Error for adversarial training with Sequential model
victorconan opened this issue · 2 comments
I have a base model using tf.feature_column:
def build_base_model(hparams):
feature_cols = [tf.feature_column.numeric_column(colname) for colname in hparams.feature_names]
feature_layer = tf.keras.layers.DenseFeatures(feature_cols)
l = []
l.append(feature_layer)
for num_units in hparams.layers:
l.append(tf.keras.layers.Dense(num_units, activation='relu'))
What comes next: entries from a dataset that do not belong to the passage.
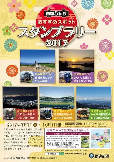 関西5私鉄と歴史街道推進協議会は、7月1日(土)から10月1日(日)まで、各社の沿線にある歴史街道の名所を巡るスタンプラリー「関西5私鉄おすすめスポットスタンプラリー2017」を開催します。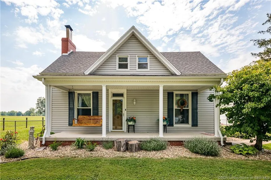 WOW ! Check out this farmhouse tucked away in the heart of Scottsburg, wait until you see what all this home has to offer! Sitting on just under 5 acres, this three bedroom, two bathroom home is beautifully maintained. Offering over 2,000 square feet, this home has a farmhouse charm with modern updates. Spend your summer in the in ground pool that comes with its own pool house with a kitchen and bathroom, or enjoy your evening on the covered front porch, or sit inside the enclosed side patio. Included with this charmer is a detached 2 car garage, a barn with heat, electric, horse stalls and a workshop for all of your needs. If you are looking for that country home with land surrounding it, then look no more, this one will not last long! Sq ft & rm sz approx.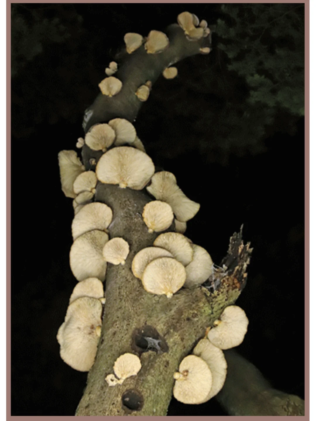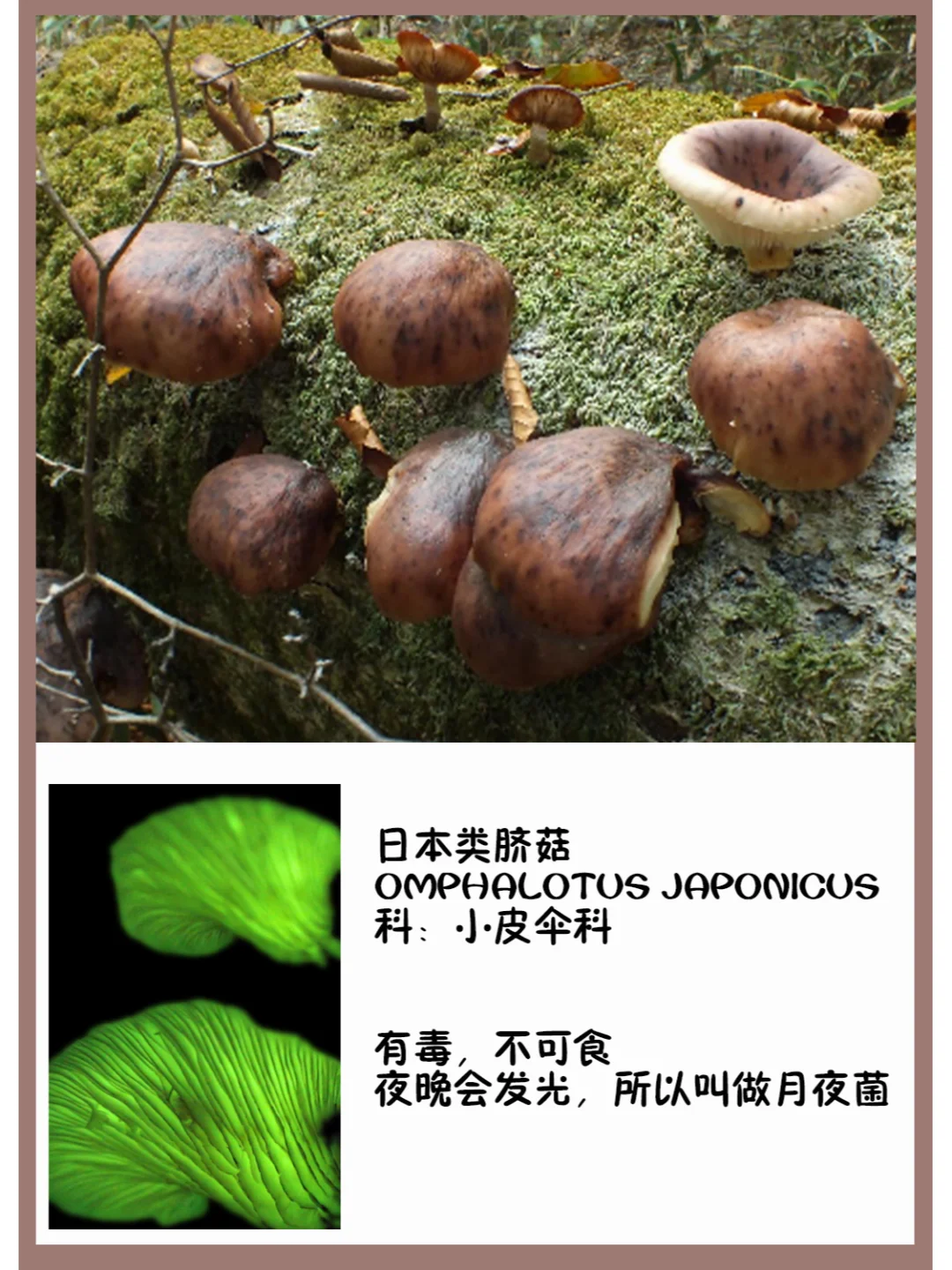 日本类脐菇 Omphalotus japonicus 科:小皮伞科 有毒,不可食 夜晚会发光,所以叫做月夜菌 含有细胞毒素隐杯伞素s或月夜蕈醇,这是一种具潜在抗癌作用的化合物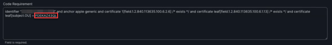 Copy the result of the designated output to the **Code Requirement** field in Jamf.
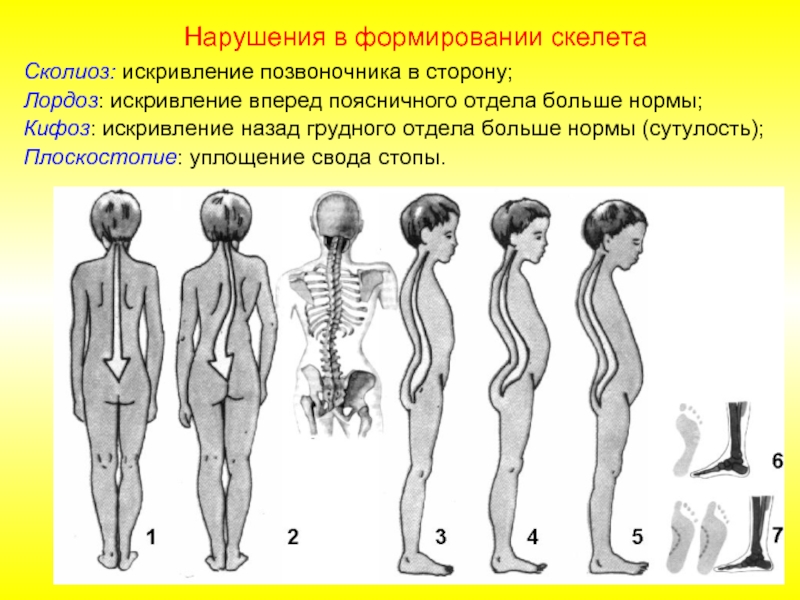 Слайд 20Сколиоз: искривление позвоночника в сторону;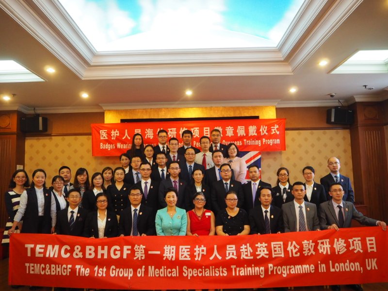 图1:行前会上TEMC&BHGF陈冉主任、英国驻华大使馆医疗卫生及生命科学行业主管Ray Smith女士与全体赴英医护人员合影留念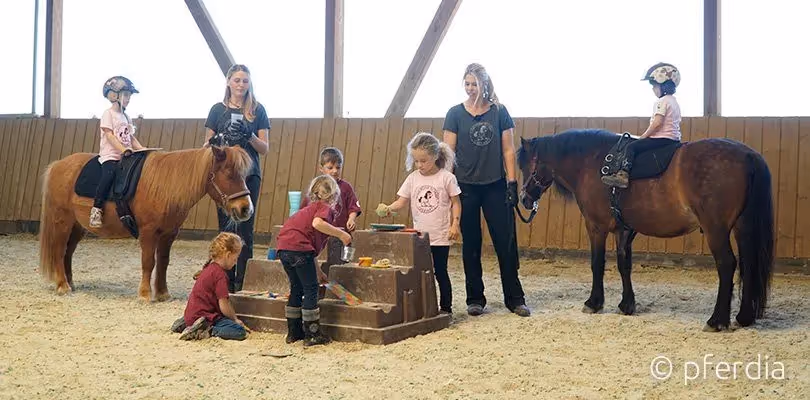 Es geht also immer darum, eine Grundlage zu bieten, mit der die Kinder später wirklich Reiten lernen können. Ihnen aber schon in der Vorbereitung sehr viel Wissen rund ums Pony mitzugeben.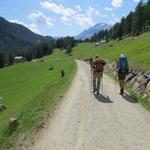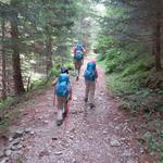 zusammen mit der Famile Erni und Fäsi, biegen wir in den breiten Wanderweg ein... Datum 04.08.2023
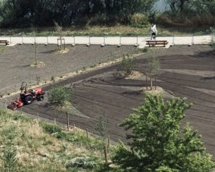 « Il s’agit du chantier de semis du gazon sur les zones non polluées. Le semis débutera mercredi prochain [18/06] par hydroseeding : une projection sur le sol, à l’aide d’un canon, d’un mélange liquide appelé hydromulch, composé de graines, d’eau, d’amendements et d’un liant. Le sol prendra alors une teinte bleutée » , explique Anne-Charlotte Riedel, secrétaire générale du quartier Bordeaux Maritime.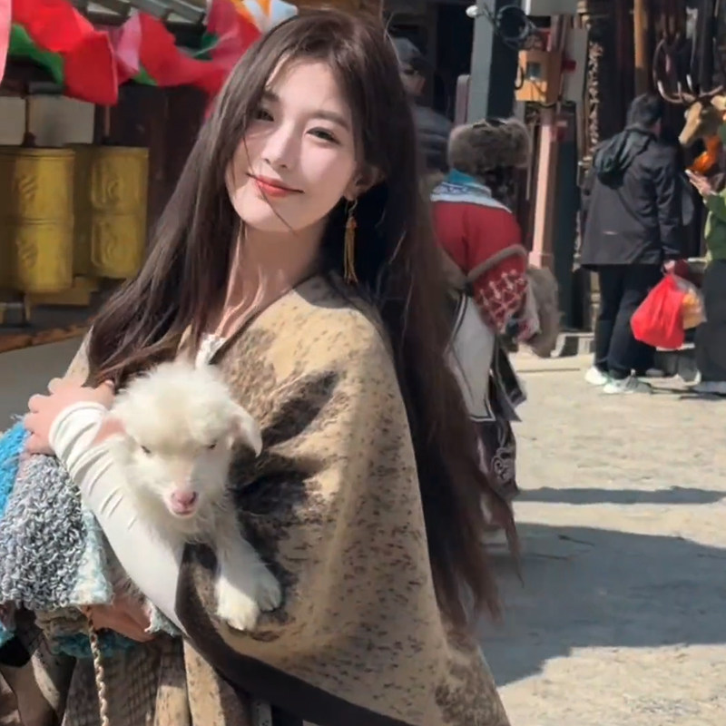 云南丽江民族风蓝色旅游披肩女外搭氛围感时尚披风斗篷针织围巾女

pred = tf.keras.layers.Dense(hparams.num_classes, activation='sigmoid')
l.append(pred)
model = tf.keras.Sequential(l)
return model
And I have parser function to feed data from TFRecords (there are 500 feature columns in the file):
def parse_fn2(serialized_example, primary_keys, features, label_type):
feature_dict = {}
for primary_key in primary_keys:
feature_dict[primary_key] = tf.io.FixedLenFeature([], tf.string)
for f in features:
feature_dict[f] = tf.io.FixedLenFeature([], tf.float32, default_value=0.0)
if label_type == "float":
feature_dict["label"] = tf.io.FixedLenFeature([], tf.float32, default_value=0.0)
else: # int
feature_dict["label"] = tf.io.FixedLenFeature([], tf.int64, default_value=0)
parsed = tf.io.parse_example(serialized_example, features=feature_dict)
for k in primary_keys:
primary_k = parsed.pop(k)
#target = parsed.pop("label")
return parsed #, target
def tfrecords_input_fn2(
files_name_pattern, primary_keys, features, label_type, batch_size=1024
):
shuffle = True if label_type else False
file_names = tf.io.matching_files(files_name_pattern)
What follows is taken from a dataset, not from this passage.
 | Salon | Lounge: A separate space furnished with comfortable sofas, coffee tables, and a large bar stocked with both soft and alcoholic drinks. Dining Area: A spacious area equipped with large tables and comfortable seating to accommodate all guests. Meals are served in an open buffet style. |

dataset = tf.data.TFRecordDataset(filenames=file_names)
if shuffle:
dataset = dataset.shuffle(buffer_size=2 * batch_size + 1)
dataset = dataset.batch(batch_size)
dataset = dataset.map(
lambda tf_example: parse_fn2(
tf_example, primary_keys, features, label_type
)
)
dataset = dataset.repeat()
return dataset
My base model can run successfully when uncommenting the target. When I tried to run the adversarial regularization:
adv_config = nsl.configs.make_adv_reg_config(
multiplier=HPARAMS.adv_multiplier,
adv_step_size=HPARAMS.adv_step_size,
adv_grad_norm=HPARAMS.adv_grad_norm
)
base_adv_model = build_base_model(HPARAMS)
adv_model = nsl.keras.AdversarialRegularization(
base_adv_model,
label_keys=["label"],
adv_config=adv_config
)
adv_model.compile(optimizer='adam', loss='binary_crossentropy',
metrics=[tf.keras.metrics.AUC(name="auc"),
tf.keras.metrics.Precision(name="precision"),
tf.keras.metrics.Recall(name="recall"),])
adv_model.fit(tfrecords_input_fn2(
files_name_pattern, ["user_id"], feature_names, "integer", batch_size=1024
), epochs=100, steps_per_epoch=300)
I got error:
TypeError: in user code:
/databricks/python/lib/python3.7/site-packages/tensorflow/python/keras/engine/training.py:571 train_function *
outputs = self.distribute_strategy.run(
/databricks/python/lib/python3.7/site-packages/neural_structured_learning/keras/adversarial_regularization.py:667 call *
outputs, labeled_loss, metrics, tape = self._forward_pass(
/databricks/python/lib/python3.7/site-packages/neural_structured_learning/keras/adversarial_regularization.py:646 _forward_pass *
outputs = self._call_base_model(inputs, **base_model_kwargs)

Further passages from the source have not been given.